No tenía que haber venido, yo estoy en otra liga.

Se nota tanto que me gusta, joder estate quieta con el pelo de una puta vez.

No puedo dejar de mirarle el escote. Va a pensar que estoy salido.

A la mierda el decálogo de la primera cita, si me lo pide subimos a su casa a tomarnos la última.

Voy a parecer un maldito alcohólico pero necesito otro whisky. Doble y sin hielo por favor.

Tranquilízate, después de todo ya estás aquí, sonríe y muéstrate receptiva.

Qué demonios, a por ello.

Los silencios se cuentan por décimas de segundo pero son los últimos. Suspiras. Y os termináis la primera botella. El último trago es revelador. Habláis sobre el trabajo, las relaciones, los amigos, las canciones y los viajes pendientes por hacer. Llevas media hora sonriendo y no te has dado cuenta. Estás a punto de olvidar aquellas directrices férreas, dejar los clichés a un lado para sucumbir a la espontaneidad y dejarte llevar, pero no lo puedes evitar, aún no os habéis besado y tú ya estás elucubrando si volverá a llamarte mañana.

Él no piensa dar ese paso, ya ha dibujado una estrategia para hacerse el interesante.

Ella no quiere parecer desesperada.

Después de todo te queda un millón de tías por conocer.

A ver sí, ha estado bien, ha estado muy bien, pero tampoco es para tanto. ¿No?

Para cuando has vuelto de retocarte en el baño, él ya ha pagado la cuenta y ya estás envuelta en la espiral de la segunda fase. Round 2. Paseáis. Él no sabe donde vives ni tú hacia donde estáis yendo. Y ocurre.

Esa sensación. La de nada más abrir los ojos constatar que ha sido una gran noche.

Te has reído cuando él se humillaba y tú has estado tan nerviosa y despistada que le has resultado encantadora.

Te has insinuado pero te han seducido.

Os habéis besado, acariciado, puede que hasta os hayáis acostado y si no lo habéis hecho lo estabas deseando.

Fue el whisky.

Sí, quizá solo fuera el vino.

Pero te has levantado mimosa y sabes que no es la resaca porque por primera vez en mucho tiempo la cama te resulta demasiado grande y no te arrepientes de nada.

Y tú, después de una eternidad de tormentosos meses, por fin has conseguido amanecer sin pensar en ella, has salido del zulo en el que te enterró cuando dio carpetazo a lo vuestro y te has olvidado de aquel portazo sin escrúpulos, lo sabes, ha pasado algo y tiene que ser ella, porque ahora en tu cabeza solo te retumba la risa tonta de esa chica que se tocaba el pelo.

No han pasado ni veinticuatro horas. Va a pensar que soy un cretino, un pringado.

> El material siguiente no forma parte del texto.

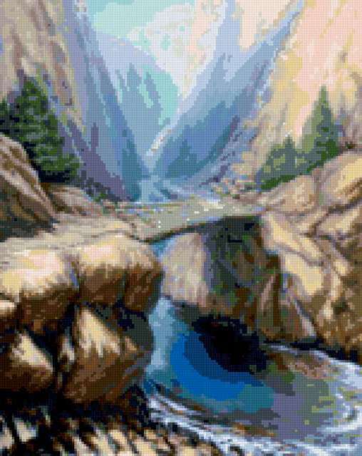 Ориентировочно так, схема вышивки «Перевал», созданная автором Svetlisha, будет выглядеть при отшиве на канве. Размер данной вышивки равен 151x190 крестов, при этом используется 53 цветов. Ключевые слова, по которым можно найти эту схему: пейзаж, река, горы. Также, вы можете взглянуть на оригинальную картинку, соответствующую данной схеме вышивки.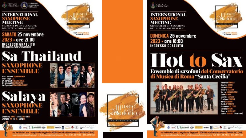 Sabato 25 e domenica 26 novembre, al Museo del Saxofono di Fiumicino, è in programma l’INTERNATIONAL SAXOPHONE MEETING, un evento internazionale che vedrà protagonisti artisti provenienti da Thailandia, Taiwan, Cina e Italia, tutti accomunati dalla passione per il saxofono. Due giornate di divulgazione del patrimonio museale durante le quali si esibiranno rispettivamente il SA THAILAND SAXOPHONE ENSEMBLE (Thailandia) e il SALAYA SAXOPHONE ENSEMBLE (Cina) – sabato a partire dalle ore 21:00 – e l’HOT TO SAX (Italia) – domenica, alle ore 18:00. L’ingresso è libero a tutti, fino ad esaurimento posti.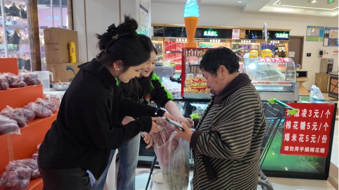 超市购物区内,各类民生商品琳琅满目,米面粮油、生鲜果蔬、日用百货等货品齐全、备货充足。居民们推着购物车有序选购,结账后凭购物小票,即可到爱心发放点免费领取洋葱。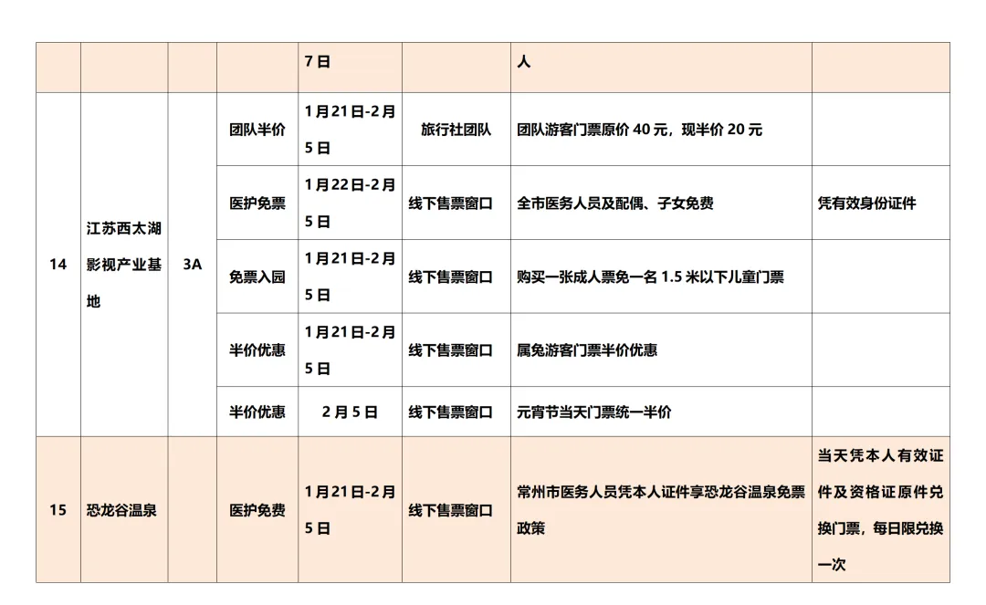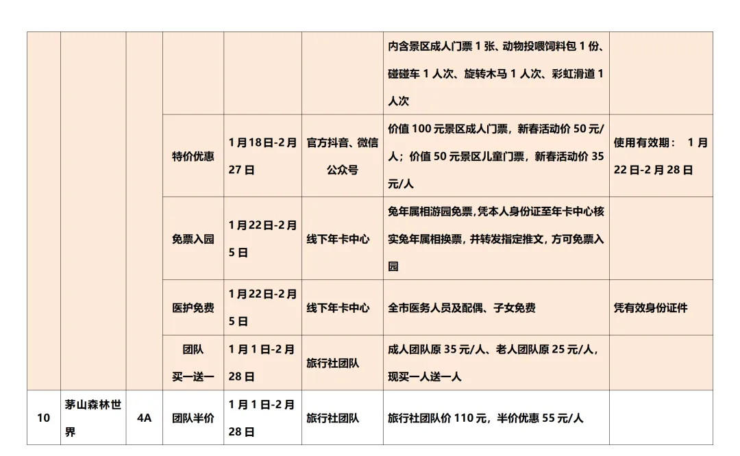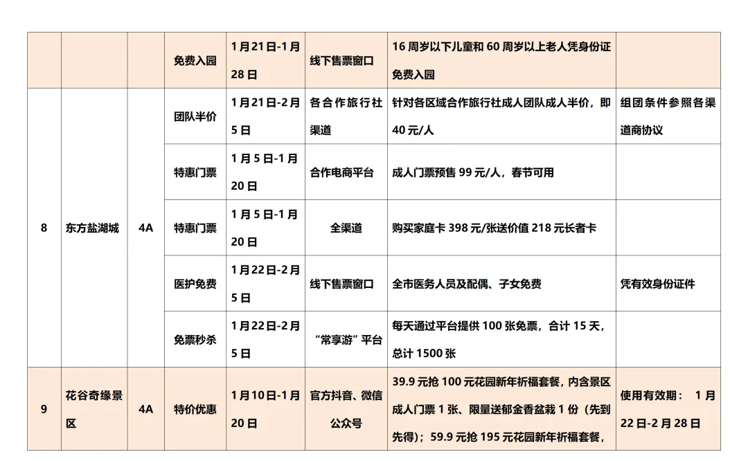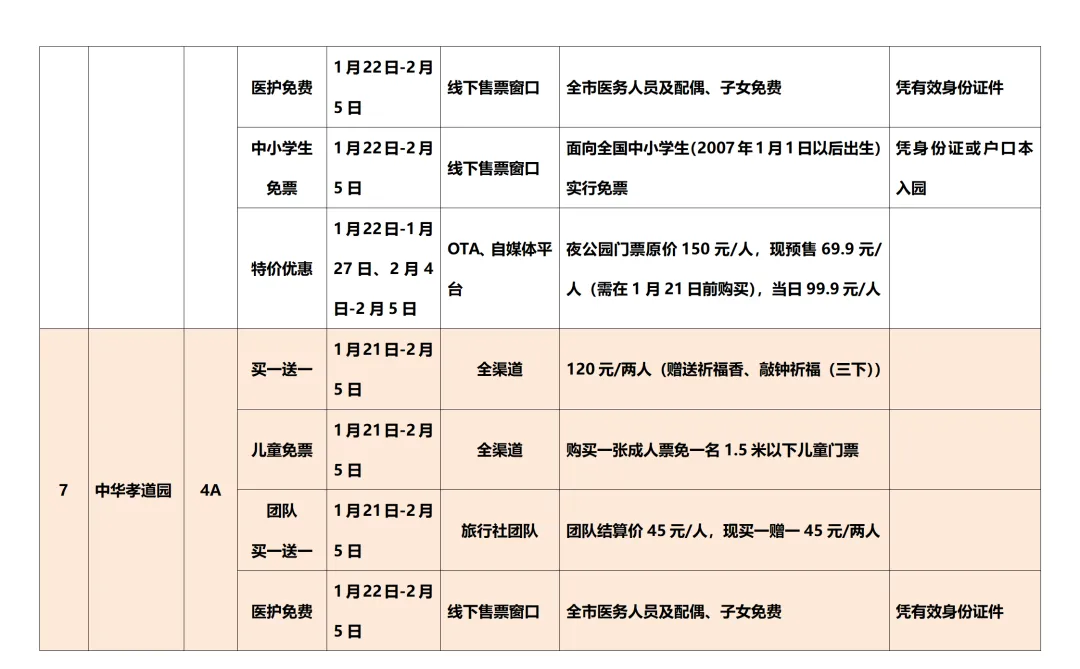 春节期间(1月22日-2月5日),全市A级旅游景区对团队游客实行门票半价,对本市医务工作者实行免门票。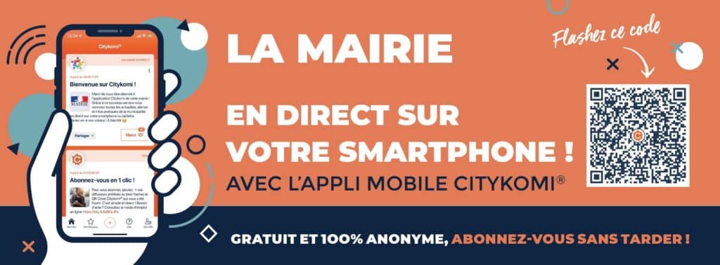 La municipalité vous informe sur smartphones et tablettes avec un nouveau service de notifications en temps réel. Soucieuse de moderniser sa communication et répondre ainsi aux attentes de ses habitants, la commune s’est dotée tout récemment de l’application Citykomi®. Téléchargeable gratuitement à partir des plateformes App Store (iPhone) et Play Store (Android), Citykomi®, c’est son nom, vous permet de rester connectés pour recevoir la bonne information au bon moment. Plus besoin de chercher ! Très simple à utiliser et très efficace, Citykomi® vise d’abord à faciliter la vie des habitants dans leur quotidien : ainsi chacun peut recevoir directement les informations ou les alertes propres à la vie locale : un imprévu, des horaires d’accueil qui évoluent, un chantier qui débute, des intempéries, un rendez-vous associatif, etc.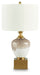 | Details | Made of brown and white art glass and metal with drum hardback fabric shade, Goldtone metal, 3-way switch, 1 E26 socket, type A bulb recommended (not included); 150 watts max or LED equivalent; UL Listed, Due to the finishing process of this product, some variations may occur, Minor assembly required; simply attach preassembled shade to lamp base | |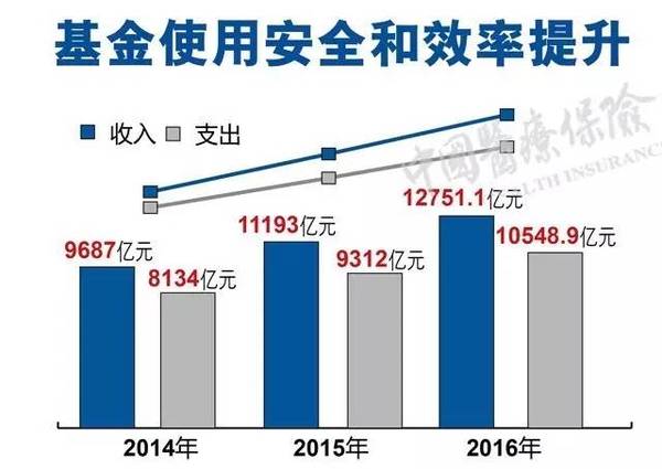 截至2016年10月底,医保智能监控已覆盖13个省份的所有统筹地区。2016年城镇基本医保基金收入12751.1亿元,比2015年增长13.9%;支出10548.9亿元,比2015年增长13.3%。自2015年开始,基金支出增幅大于收入增幅的趋势得到扭转。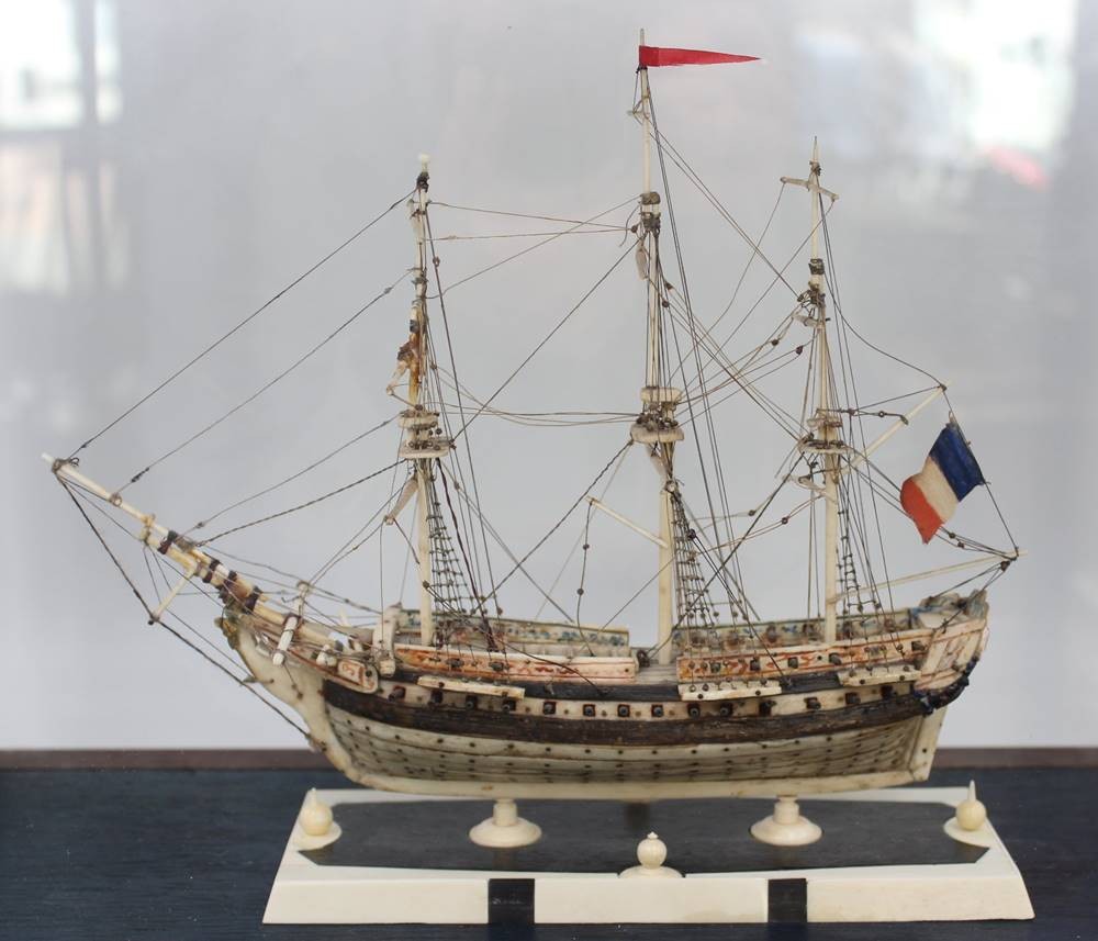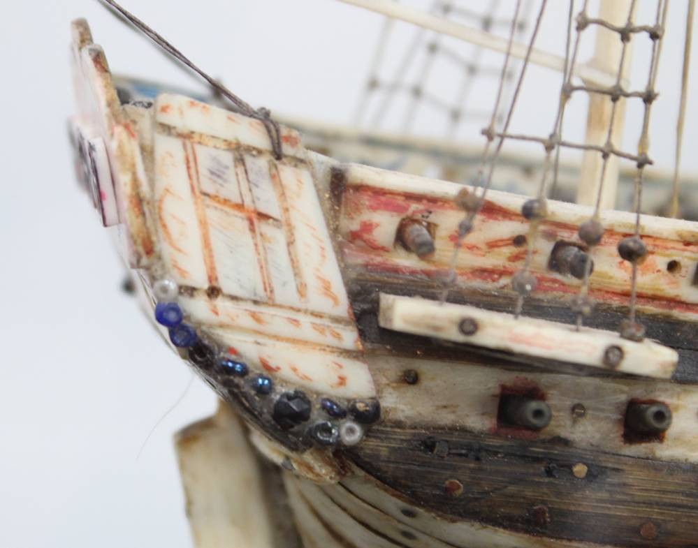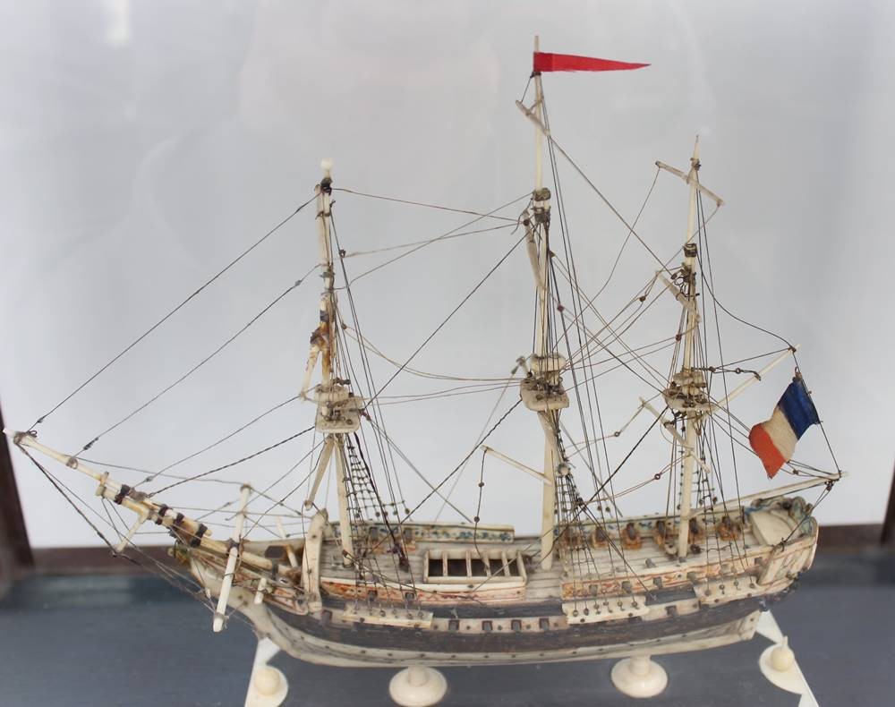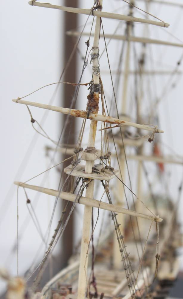Napoleonisches "Prisoner of War" Knochenschiff, wohl 18./19. Jhd., in schönem Schaukasten, Kasten H-36cm B-44,5cm T-23,5cm [1]

Voy a parecer una loca peligrosa. Una pesada. Seguro que se agobia y cree que estoy obsesionada buscando un nombre para nuestros hijos. Jaime y Martina, me gustan Jaime y Martina.

¿Qué coño le digo? Igual aún está dormida.

¿Qué excusa le pongo? Tenía que haberme dejado algo en el coche.

Y los tonos paran el tiempo. Suplicas por un contestador amable pero no te da la bienvenida y la espera es una agonía. Hasta que coge el teléfono. Coge el teléfono y te dice que sí, que quiere volver a perder el tiempo contigo. Porque después de todo los dos estáis en modo ON y es que ese maldito interruptor es mágico e irreversible.

Es esa sensación todo el rato. Intuitiva e implacable.

Y ahora bebéis café, no hay vino ni escapatoria, ni trampa ni cartón, la luz encendida, las cartas sobre la mesa. Y no importa quien ha llamado primero, ni siquiera recuerdas que estabas haciendo con tu vida antes de responder al teléfono. Solo sabes que querías desayunar con esa sensación. Con el chico del clic y la chica del interruptor.